All-optical networking Was: [Re: Notes on the Internet for Bell Heads]

Vadim Antonov avg at exigengroup.com
Sat Jul 13 00:36:41 UTC 2002




The discussion is certainly entertaining, but -- 

1) All-optical networking is a bunch of nonsense until optical processing 
   ability includes complete set of logic and storage elements - i.e. 
   achieving fully blown optical computing.

   Rationale for the statement: telecom is fundamentally a multiplexing 
   game, and w/o stochastical multiplexing a network won't be able to 
   achieve price/performance comparable to that of stochastically muxed 
   network.  Stochastical multiplexing requires logic and storage.

   The current opcial gates are all electrically-controlled, and either 
   mechanical (and wear rather  quickly, too, so you can't switch them 
   per-packet or whatever), or iherently slow (liquid crystals), or 
   potentially fast (poled LiNbO3 structures, for example) but requiring 
   tens of kV per mm, making it slow to charge/discharge. 

   Besides, your truly years ago invented a practical way to achieve 
   nearly infinite switching capacity in electronics.  Too bad, Pluris didn't
   survive the WorldCom scandal, as some investors suddenly got cold feet.

2) Wiretapping does not require storage of the entire traffic stream; and 
   filtering for the target sessions can be done relatively easily at wire 
   speed.

3) Nitpicking:

> I think you may be thinking about quantum-entangled pairs. That
> phenomena is better suited to cryptography than general networking.
> 
> In an entangled system, both recipients would know pretty quickly that they
> did not receive their photons as there would be an early 'measurement' on
> one end, and a missing photon on the other.
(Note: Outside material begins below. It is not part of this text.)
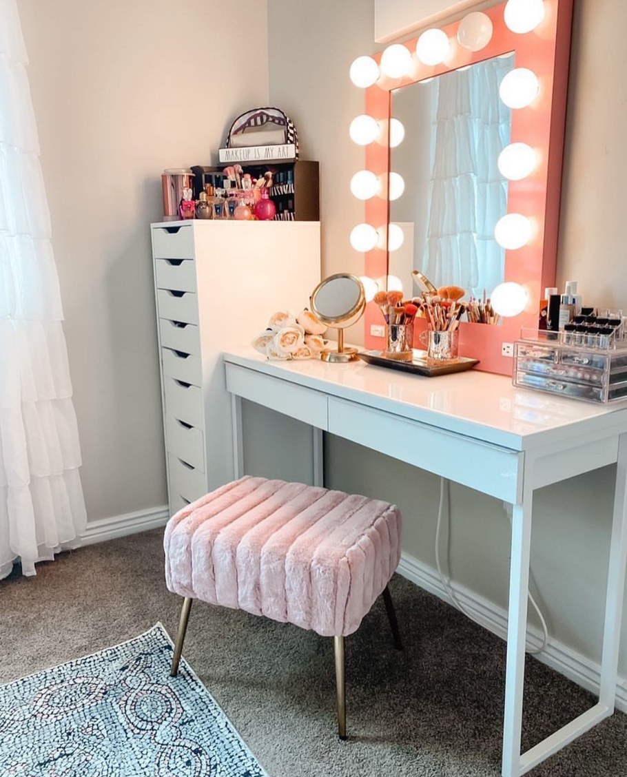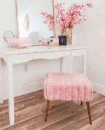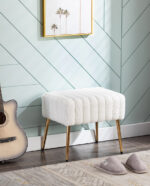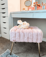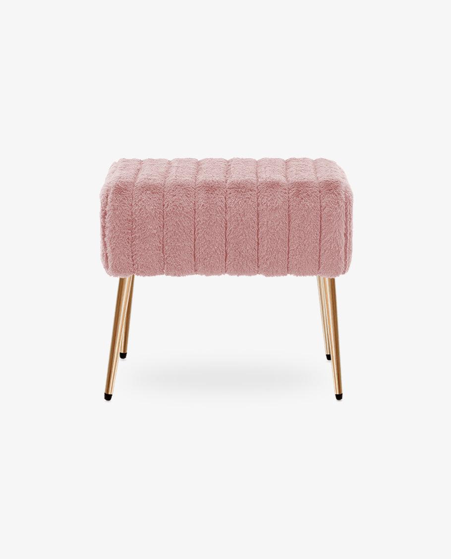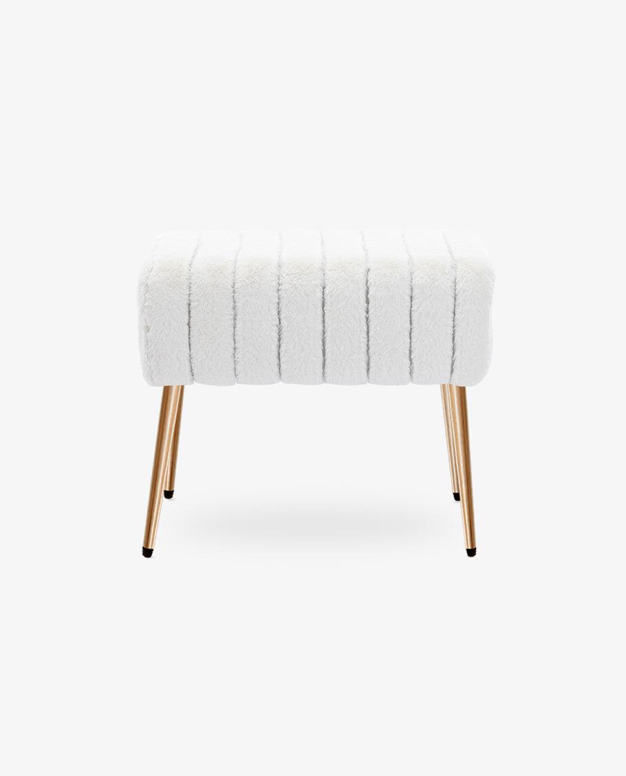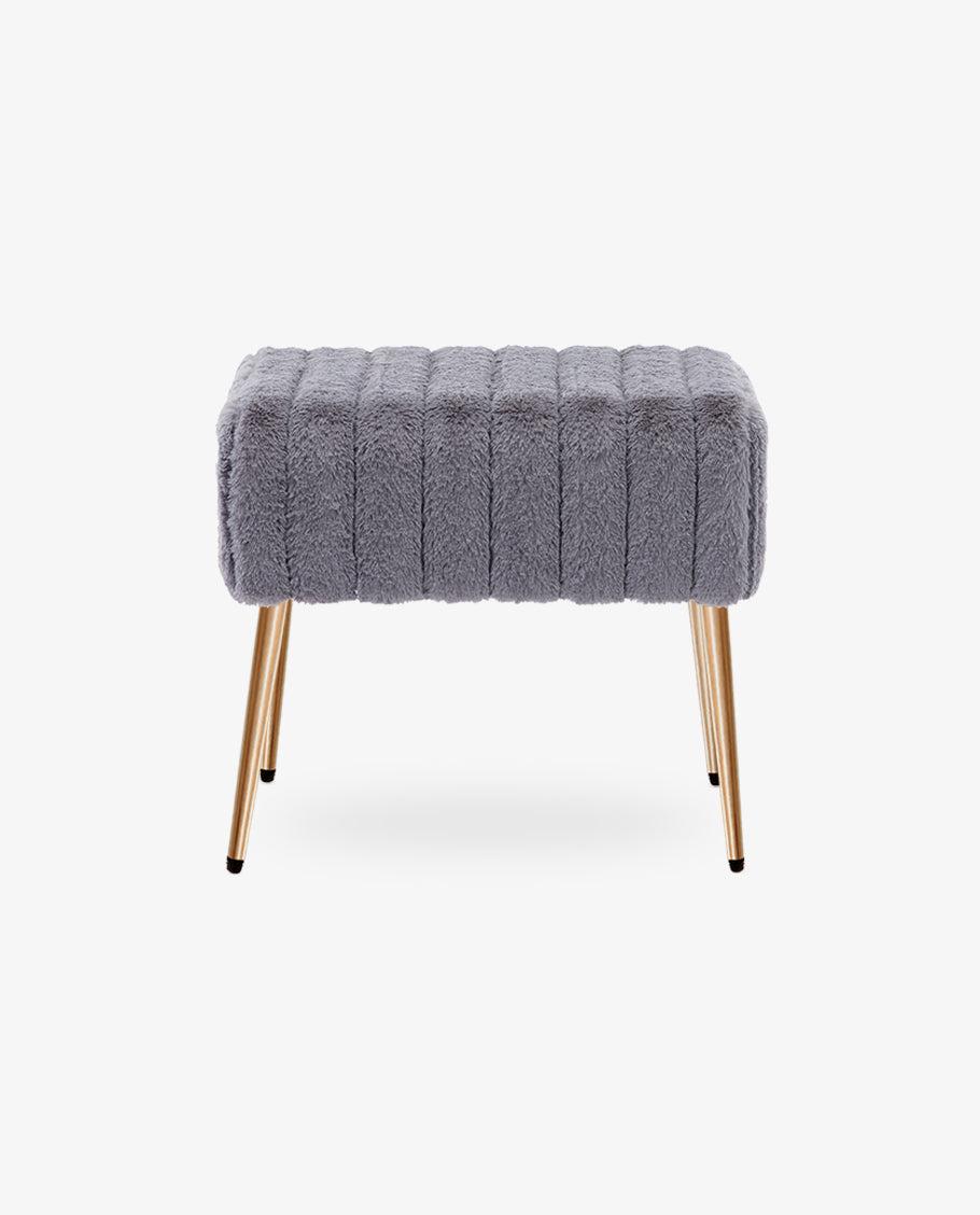 Still lack of a compact short bench under the vanity desk when it’s not in use? Then you might be the right place: it’s pretty pleasant to sit on the upholstered faux fur short bench for removing and applying the delicate makeup on your face in front of a dressing table. Faux fur encloses the high density foam to provide a soft but supportive seat, and the gold metal legs are sturdy and durable to withstand full weight capacity. Also, you can also put your feet up on the chair and descend into pure relaxation and comfort.

   You cannot detect "measurement" per se.  What you get is skewed 
   statistics;  the entangled pairs obey Bell inequalities, which no
   classical system can.  This gives an opportunity to detect insertion of 
   anyting destroying entanglement of the pair - but only statistically.  
   You need to send enough pairs to distinguish normal noise from intrusion 
   reliably.

   Besides, quantum entanglement cannot be used to send any information at 
   all.  What it gives is the ability to get co-ordinated sets of 
   measurements at the ends, but the actual results of those measurements 
   are random.  I.e. you can generate identical vectors of random bits at the 
   ends, but cannot send any useful message across using only 
   entanglement.

   Therefore quantum entanglement (aka Einstein-Podolsky-Rosen paradox) 
   does not violate the central postulate of the special relativity theory (that 
   no kind of entity can propagate faster than the speed of light in 
   vacuum, in any non-accelerating reference frame).